"Ah, with you foreigners it is just the same--land or water," he
continued. "You can even smoke--what a calm head and quiet stomach you
must have! But what puzzles me is this, senor; how you, a foreigner,
come to be travelling with native women. Now, there is that beautiful
young senora with the violet eyes, who can she be?"
"She is my wife, old man," said I, laughing, a little amused at his
curiosity.
"Ah, you are married then--so young? She is beautiful, graceful, well
educated, the daughter of wealthy parents, no doubt, but frail, frail,
senor; and some day, not a very distant day--but why should I predict
sorrow to a gay heart? Only her face, senor, is strange to me; it does
not recall the features of any Oriental family I know."

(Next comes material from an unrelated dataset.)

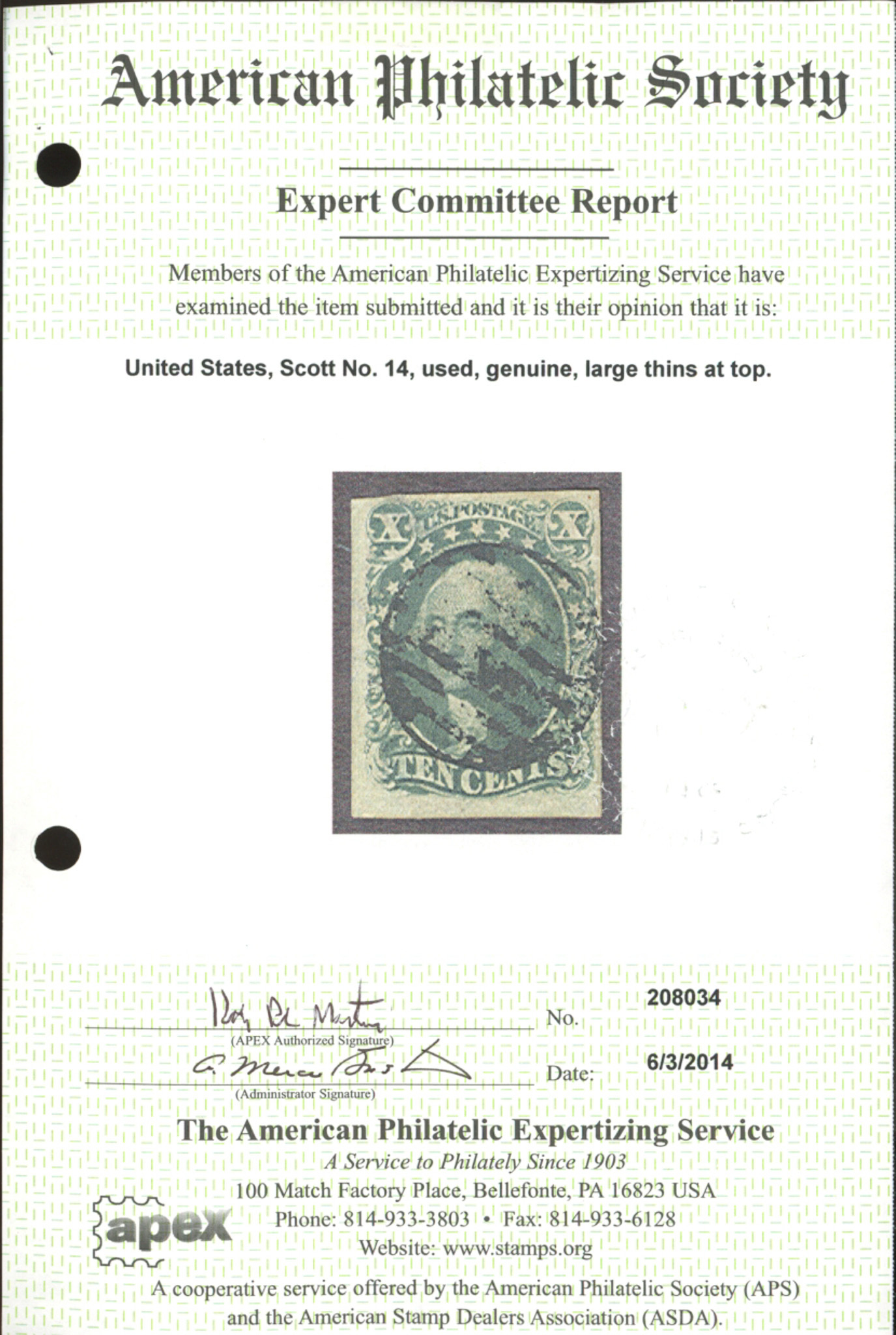 U.S. #14 USED WITH APS CERTSeller Information

"That is easily explained," I said, surprised at his shrewdness, "she
is an Argentine, not an Oriental."
"Ah, that explains it," he said, taking another long pull at the bottle.
"As for the other senora with you, I need not ask you who _she_
is."
"Why, who is she?" I returned.
"A Peralta, if there ever was one," he returned confidently.
His reply disturbed me not a little, for, after all my precautions,
this old man had perhaps been sent to follow Demetria.
"Yes," he continued, with an evident pride in his knowledge of families
and faces which tended to allay my suspicions; "a Peralta and not a
Madariaga, nor a Sanchez, nor a Zelaya, nor an Ibarra.